Problem statement:
Your copy of the data below must be exact and must leave out all pictures.

Data excerpts
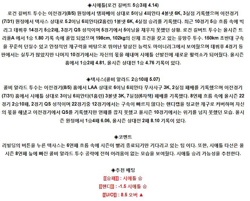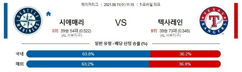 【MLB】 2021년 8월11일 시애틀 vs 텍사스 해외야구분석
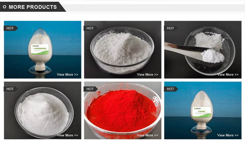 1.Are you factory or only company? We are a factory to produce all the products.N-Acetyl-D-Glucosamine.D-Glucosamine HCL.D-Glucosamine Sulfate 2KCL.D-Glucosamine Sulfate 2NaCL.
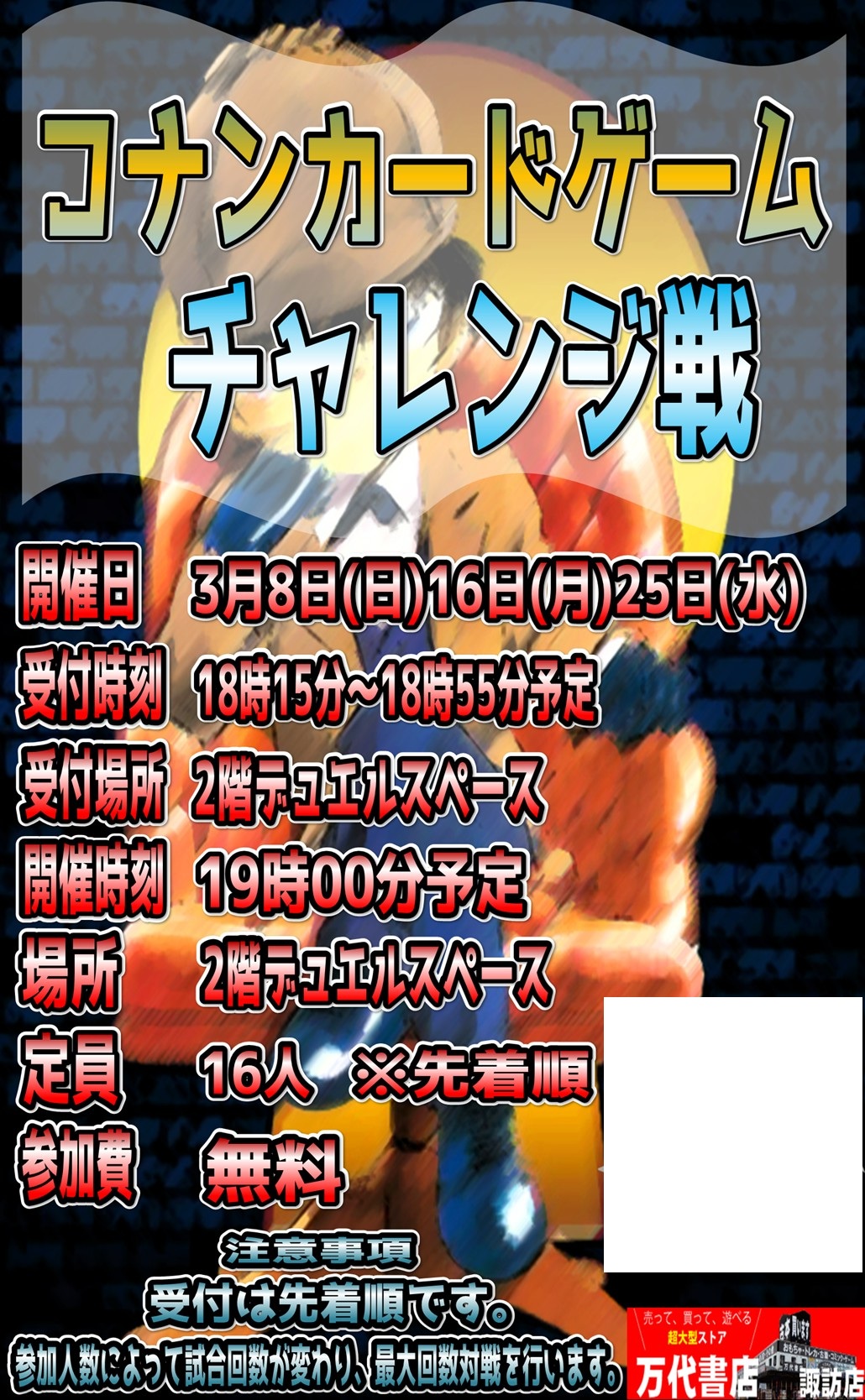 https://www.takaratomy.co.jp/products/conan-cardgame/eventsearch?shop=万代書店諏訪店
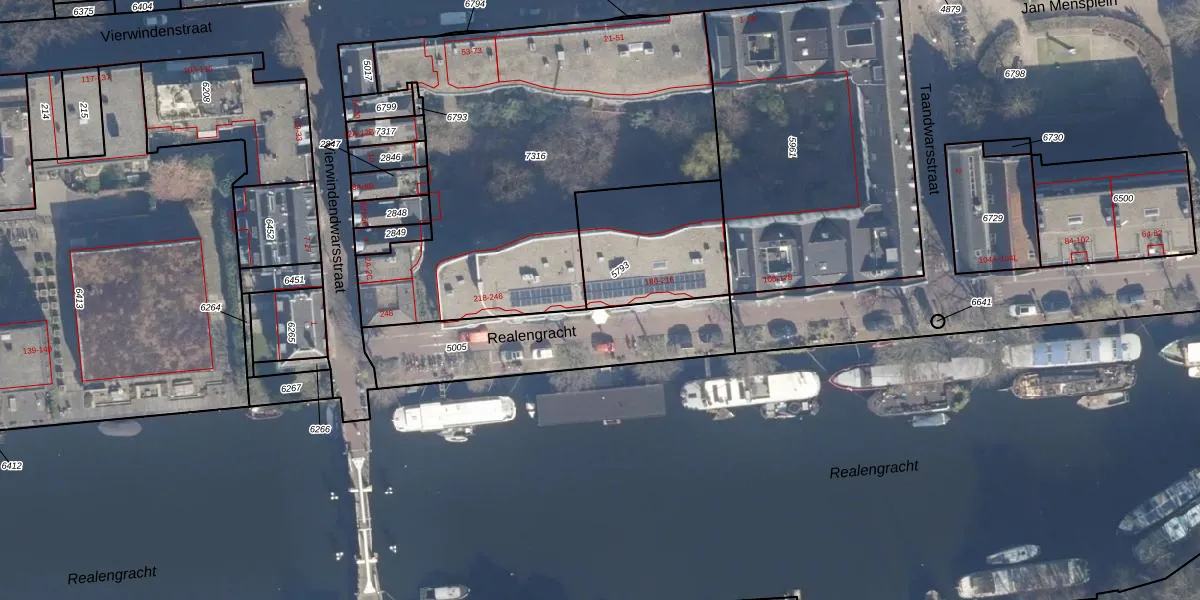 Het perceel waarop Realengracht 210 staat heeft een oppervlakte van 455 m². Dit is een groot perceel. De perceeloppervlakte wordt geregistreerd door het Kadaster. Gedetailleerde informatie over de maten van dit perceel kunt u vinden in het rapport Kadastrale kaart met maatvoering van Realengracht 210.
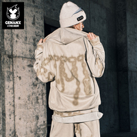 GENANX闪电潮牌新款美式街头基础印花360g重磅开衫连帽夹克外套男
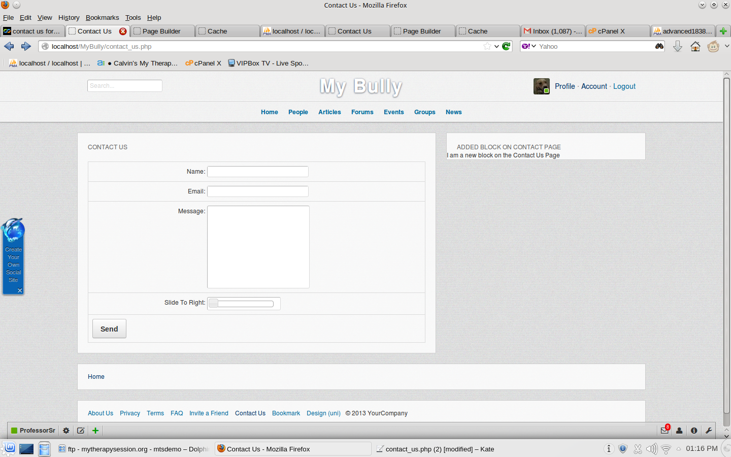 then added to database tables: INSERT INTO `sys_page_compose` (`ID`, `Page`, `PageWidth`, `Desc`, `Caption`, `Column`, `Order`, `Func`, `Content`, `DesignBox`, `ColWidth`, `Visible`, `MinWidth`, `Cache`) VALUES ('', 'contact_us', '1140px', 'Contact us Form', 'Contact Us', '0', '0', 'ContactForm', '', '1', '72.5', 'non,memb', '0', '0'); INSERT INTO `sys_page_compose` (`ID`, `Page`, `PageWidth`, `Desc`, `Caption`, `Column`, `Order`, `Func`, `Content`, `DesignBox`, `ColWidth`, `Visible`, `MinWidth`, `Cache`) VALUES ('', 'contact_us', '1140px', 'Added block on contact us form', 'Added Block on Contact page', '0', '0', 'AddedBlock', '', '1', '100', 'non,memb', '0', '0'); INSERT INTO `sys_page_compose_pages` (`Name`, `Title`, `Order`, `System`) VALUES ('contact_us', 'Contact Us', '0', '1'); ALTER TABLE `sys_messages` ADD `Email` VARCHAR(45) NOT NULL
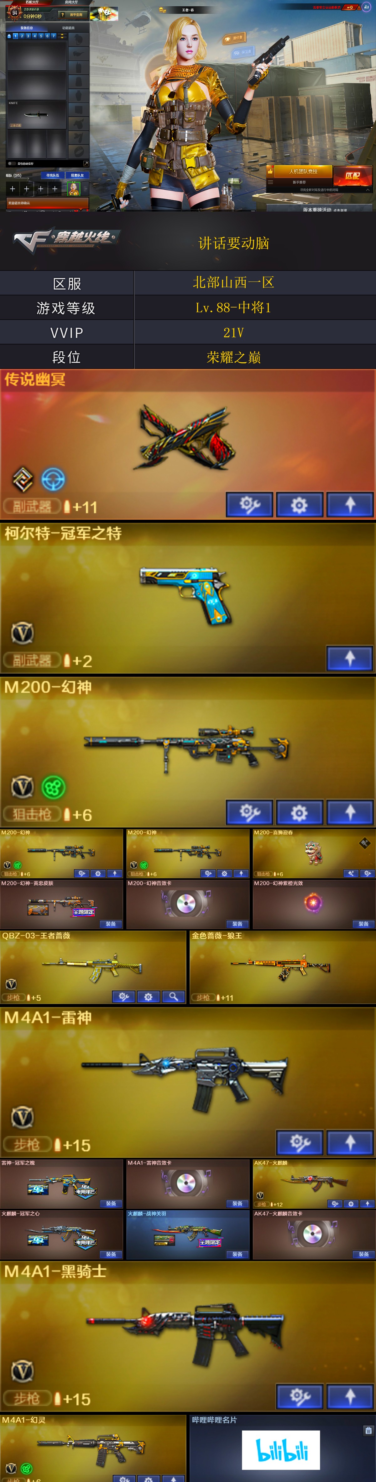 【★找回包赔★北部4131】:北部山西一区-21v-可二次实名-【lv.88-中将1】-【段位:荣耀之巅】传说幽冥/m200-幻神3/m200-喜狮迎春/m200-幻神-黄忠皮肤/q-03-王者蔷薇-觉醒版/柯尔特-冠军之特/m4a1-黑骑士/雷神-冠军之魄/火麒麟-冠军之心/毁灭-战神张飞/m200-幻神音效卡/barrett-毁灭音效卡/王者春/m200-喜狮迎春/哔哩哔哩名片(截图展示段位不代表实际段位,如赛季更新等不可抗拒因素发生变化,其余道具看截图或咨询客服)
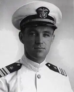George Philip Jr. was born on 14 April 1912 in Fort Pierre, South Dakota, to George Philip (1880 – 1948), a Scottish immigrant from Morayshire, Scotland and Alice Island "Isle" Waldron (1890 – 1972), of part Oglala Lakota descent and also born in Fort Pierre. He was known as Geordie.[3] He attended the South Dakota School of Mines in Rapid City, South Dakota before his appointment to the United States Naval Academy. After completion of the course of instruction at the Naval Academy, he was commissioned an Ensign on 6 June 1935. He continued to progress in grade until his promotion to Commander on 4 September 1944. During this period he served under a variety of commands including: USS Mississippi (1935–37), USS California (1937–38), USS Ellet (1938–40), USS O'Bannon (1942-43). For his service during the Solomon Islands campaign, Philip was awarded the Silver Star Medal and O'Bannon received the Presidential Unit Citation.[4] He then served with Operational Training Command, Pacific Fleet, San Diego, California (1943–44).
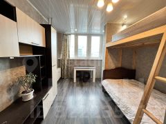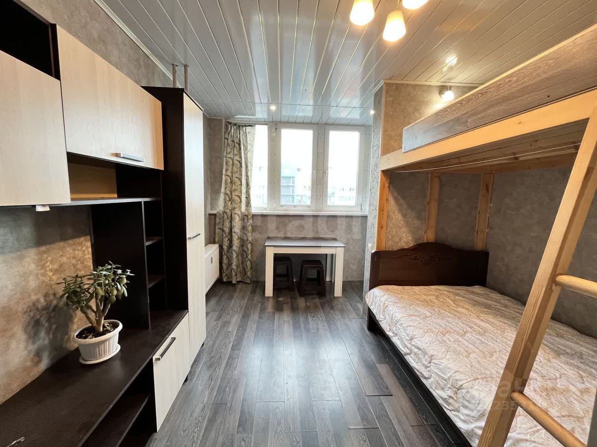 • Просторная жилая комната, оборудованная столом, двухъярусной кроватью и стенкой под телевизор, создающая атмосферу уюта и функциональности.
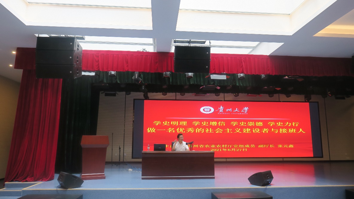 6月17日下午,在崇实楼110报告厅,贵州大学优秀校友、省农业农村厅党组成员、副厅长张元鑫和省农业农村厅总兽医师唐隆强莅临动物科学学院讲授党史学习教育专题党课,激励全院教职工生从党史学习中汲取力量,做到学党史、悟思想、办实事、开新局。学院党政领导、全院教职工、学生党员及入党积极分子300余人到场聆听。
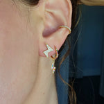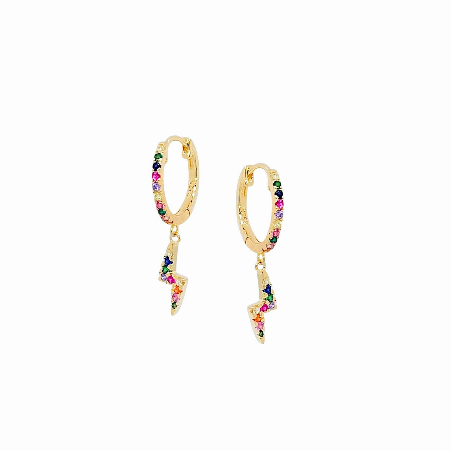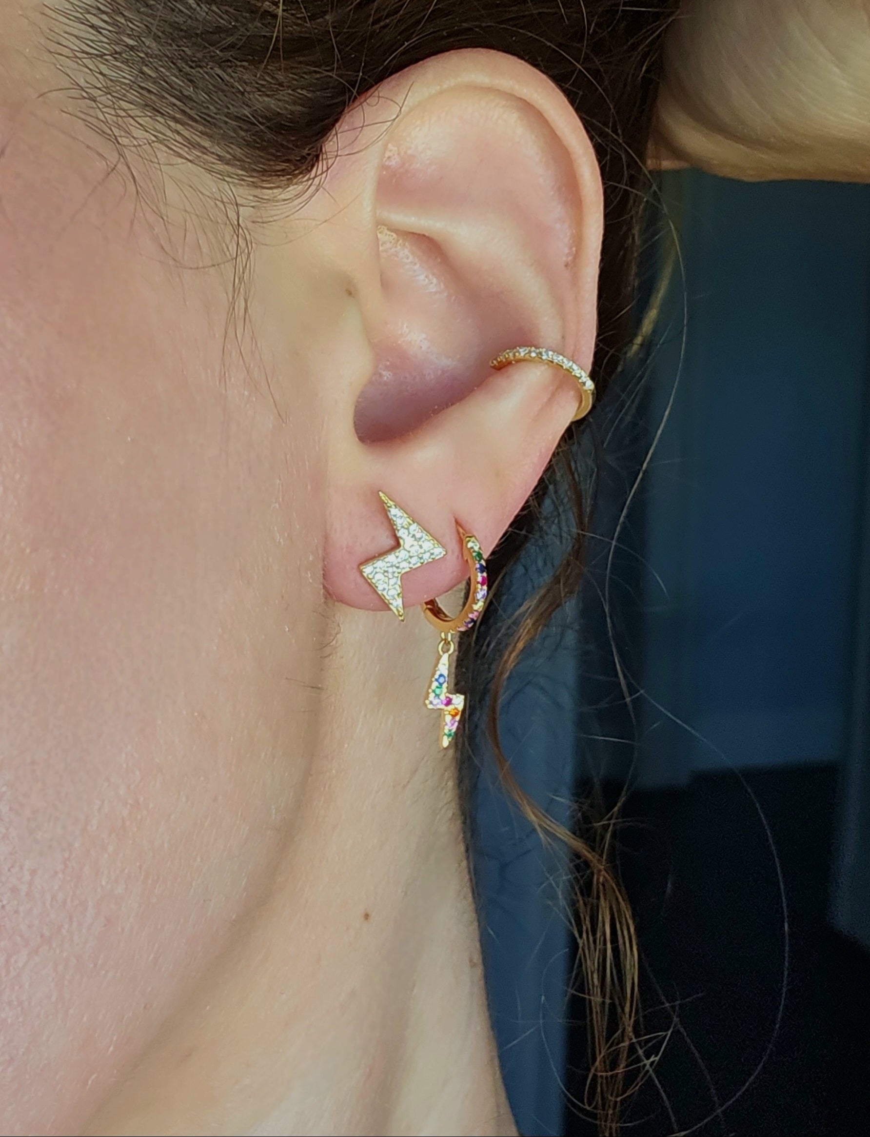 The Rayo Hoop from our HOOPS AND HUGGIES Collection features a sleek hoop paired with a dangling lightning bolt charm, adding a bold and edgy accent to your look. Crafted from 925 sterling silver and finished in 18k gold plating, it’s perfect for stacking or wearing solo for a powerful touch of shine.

Response area:
 【MLB】 2021년 8월11일 시애틀 vs 텍사스 해외야구분석
 1.Are you factory or only company? We are a factory to produce all the products.N-Acetyl-D-Glucosamine.D-Glucosamine HCL.D-Glucosamine Sulfate 2KCL.D-Glucosamine Sulfate 2NaCL.
 https://www.takaratomy.co.jp/products/conan-cardgame/eventsearch?shop=万代書店諏訪店
 Het perceel waarop Realengracht 210 staat heeft een oppervlakte van 455 m². Dit is een groot perceel. De perceeloppervlakte wordt geregistreerd door het Kadaster. Gedetailleerde informatie over de maten van dit perceel kunt u vinden in het rapport Kadastrale kaart met maatvoering van Realengracht 210.
 GENANX闪电潮牌新款美式街头基础印花360g重磅开衫连帽夹克外套男
 then added to database tables: INSERT INTO `sys_page_compose` (`ID`, `Page`, `PageWidth`, `Desc`, `Caption`, `Column`, `Order`, `Func`, `Content`, `DesignBox`, `ColWidth`, `Visible`, `MinWidth`, `Cache`) VALUES ('', 'contact_us', '1140px', 'Contact us Form', 'Contact Us', '0', '0', 'ContactForm', '', '1', '72.5', 'non,memb', '0', '0'); INSERT INTO `sys_page_compose` (`ID`, `Page`, `PageWidth`, `Desc`, `Caption`, `Column`, `Order`, `Func`, `Content`, `DesignBox`, `ColWidth`, `Visible`, `MinWidth`, `Cache`) VALUES ('', 'contact_us', '1140px', 'Added block on contact us form', 'Added Block on Contact page', '0', '0', 'AddedBlock', '', '1', '100', 'non,memb', '0', '0'); INSERT INTO `sys_page_compose_pages` (`Name`, `Title`, `Order`, `System`) VALUES ('contact_us', 'Contact Us', '0', '1'); ALTER TABLE `sys_messages` ADD `Email` VARCHAR(45) NOT NULL
 【★找回包赔★北部4131】:北部山西一区-21v-可二次实名-【lv.88-中将1】-【段位:荣耀之巅】传说幽冥/m200-幻神3/m200-喜狮迎春/m200-幻神-黄忠皮肤/q-03-王者蔷薇-觉醒版/柯尔特-冠军之特/m4a1-黑骑士/雷神-冠军之魄/火麒麟-冠军之心/毁灭-战神张飞/m200-幻神音效卡/barrett-毁灭音效卡/王者春/m200-喜狮迎春/哔哩哔哩名片(截图展示段位不代表实际段位,如赛季更新等不可抗拒因素发生变化,其余道具看截图或咨询客服)
George Philip Jr. was born on 14 April 1912 in Fort Pierre, South Dakota, to George Philip (1880 – 1948), a Scottish immigrant from Morayshire, Scotland and Alice Island "Isle" Waldron (1890 – 1972), of part Oglala Lakota descent and also born in Fort Pierre. He was known as Geordie.[3] He attended the South Dakota School of Mines in Rapid City, South Dakota before his appointment to the United States Naval Academy. After completion of the course of instruction at the Naval Academy, he was commissioned an Ensign on 6 June 1935. He continued to progress in grade until his promotion to Commander on 4 September 1944. During this period he served under a variety of commands including: USS Mississippi (1935–37), USS California (1937–38), USS Ellet (1938–40), USS O'Bannon (1942-43). For his service during the Solomon Islands campaign, Philip was awarded the Silver Star Medal and O'Bannon received the Presidential Unit Citation.[4] He then served with Operational Training Command, Pacific Fleet, San Diego, California (1943–44).
 • Просторная жилая комната, оборудованная столом, двухъярусной кроватью и стенкой под телевизор, создающая атмосферу уюта и функциональности.
 6月17日下午,在崇实楼110报告厅,贵州大学优秀校友、省农业农村厅党组成员、副厅长张元鑫和省农业农村厅总兽医师唐隆强莅临动物科学学院讲授党史学习教育专题党课,激励全院教职工生从党史学习中汲取力量,做到学党史、悟思想、办实事、开新局。学院党政领导、全院教职工、学生党员及入党积极分子300余人到场聆听。
 The Rayo Hoop from our HOOPS AND HUGGIES Collection features a sleek hoop paired with a dangling lightning bolt charm, adding a bold and edgy accent to your look. Crafted from 925 sterling silver and finished in 18k gold plating, it’s perfect for stacking or wearing solo for a powerful touch of shine.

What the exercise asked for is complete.